There is nothing ungrammatical about the second sentence. More specifically, there is no participial phrase in the second sentence: there is a subordinate clause followed by a main clause.
In the subordinate clause, “When he arrived”, ‘he’ is very clearly the subject; in the main clause, “his friends met him at the station”, the subject is equally clearly ‘his friends’. This is quite straightforward.
If you use “On his arrival” or “Upon his arrival” instead, there is no subordinate clause at all: there is simply a noun phrase, ‘his arrival’ (in itself just a noun modified by a possessive determiner), which is governed by a preposition, ‘on’. There is no subject or verb in this at all, and no clause.
Using a participial phrase, you do have a clause: ‘arriving’ here still carries enough ‘verbness’ to be considered the verb in a clause (if it were a transitive verb, it would still have been able to accept objects, for example)—but the subject has been left out. When this is the case, the subject will most commonly be automatically filled in by the listener with the subject in the following clause—but, despite Strunk and White’s claims, this is not universal.
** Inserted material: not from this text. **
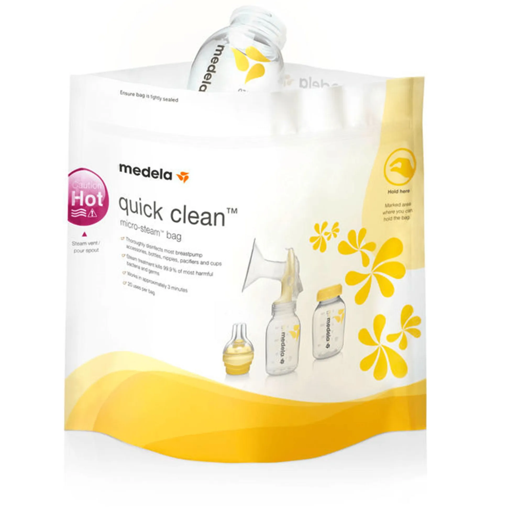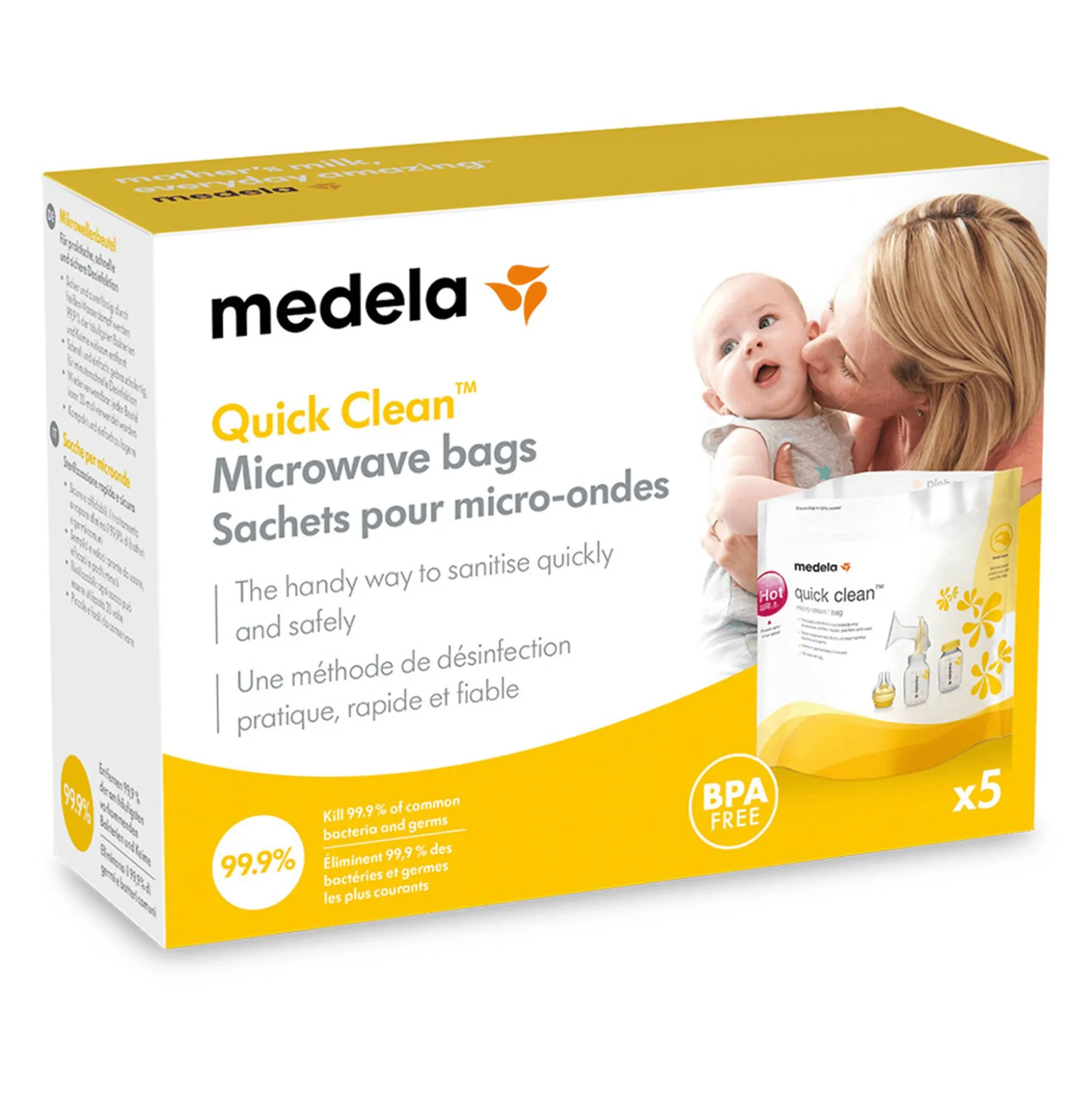 Der Mikrowellenbeutel Quick Clean von Medela desinfiziert deine Flaschen, Sauger und Brusthauben schnell und sicher.

Some cases end up being ambiguous, and some end up with another constituent taking up the subject slot in the gerund phrase.
“On arriving in Chicago, his friends met him at the station” is ambiguous. The most likely meaning is of course that ‘he’ arrived in Chicago, and his friends met him at the station when he did so. If you go by Strunk and White, though, this meaning is not possible, and the only possible meaning is that the friends met him at the station when they arrived in Chicago; not when he arrived there. In reality, the sentence is ambiguous and would benefit from being worded differently if context did not make it clear which interpretation is true.
Many cases where it is obvious that the subject in the participial phrase is supposed to be something different from the subject in the main clause end up sounding awkward or ill-formed and would benefit from recasting:
Wearing a dark blue satin dress and with her hair loosely draped over her shoulders, he thought her as beautiful as any girl he’d ever seen.
– would be better as:
Wearing a dark blue satin dress and with her hair loosely draped over her shoulders, she was as beautiful to him as any girl he’d ever seen.